Both Section 4C(2) and its Commentary suggest that a judge is prohibited from accepting any governmental position, except a position authorized by Section 4C(3), even if the judge is a part-time judge, and the governmental position is a part-time position. The policy considerations cited in the Commentary--“demands on judicial resources created by crowded dockets and the need to protect the courts from involvement in extra-judicial matters that may prove to be controversial”--appear to apply to the positions a judge is authorized to accept under 4C(3). Moreover, Section 4C(2) declares the limit on the representation of a state or local government: “on ceremonial occasions or in connection with historical, educational, or cultural activities.” The prohibition on a judge functioning in a governmental office, except an office authorized under Section 4C(3), appears to be total, even if those policy considerations do not come into play in that office.

Section 4C(3) provides that:

A judge may serve as an officer, director, trustee, or non-legal advisor of an organization or governmental agency devoted to the improvement of the law, the legal system, or the administration of justice or an educational, religious, charitable, fraternal, or civic organization not conducted for profit, subject to the following limitations and the other requirements of this Code.
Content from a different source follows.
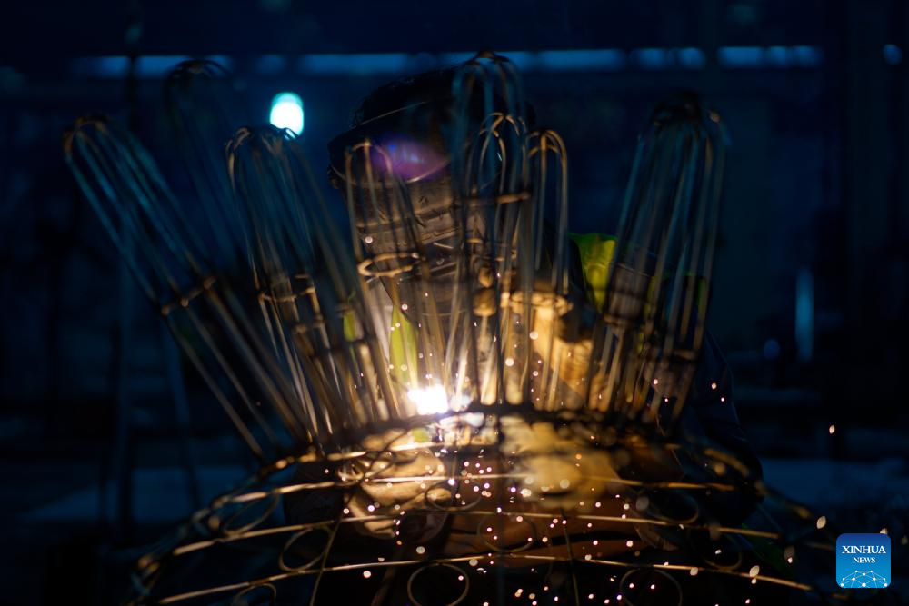 Imagen del 4 de junio de 2025 de un trabajador soldando el marco de una linterna en una fábrica, en Zigong, en la provincia de Sichuan, en el suroeste de China. Zigong, una ciudad en la provincia de Sichuan famosa por su artesanía centenaria de fabricación de linternas y sus ricos depósitos de fósiles de dinosaurios, ostenta los títulos de "Ciudad natal de los dinosaurios" y "Ciudad de las linternas". (Xinhua/Zhang Xiaoyu)

The Commentary to Section 4C(3) declares that, “Section 4C(3) does not apply to a judge’s service in a governmental position unconnected with the improvement of the law, the legal system, or the administration of justice; see Section 4C(2). For that reason, Section 4C(3) offers no ground for a part-time general sessions judge to be even a part-time city attorney.

In my opinion:

1. Article VI, Section 7, of the Tennessee Constitution does not appear to prohibit a part-time city attorney from serving as a part-time sessions judge.

2. Rule 10, Cannon 4, of the Rules of the Supreme Court, does appear to prohibit a part time city attorney from serving as a part-time sessions judge.

Sincerely,

Sidney D. Hemsley
Senior Law Consultant

SDH/

Please remember that these legal opinions were written based on the facts of a given city at a certain time. The laws referenced in any opinion may have changed or may not be applicable to your city or circumstances.

Always consult with your city attorney or an MTAS consultant before taking any action based on information contained in this database.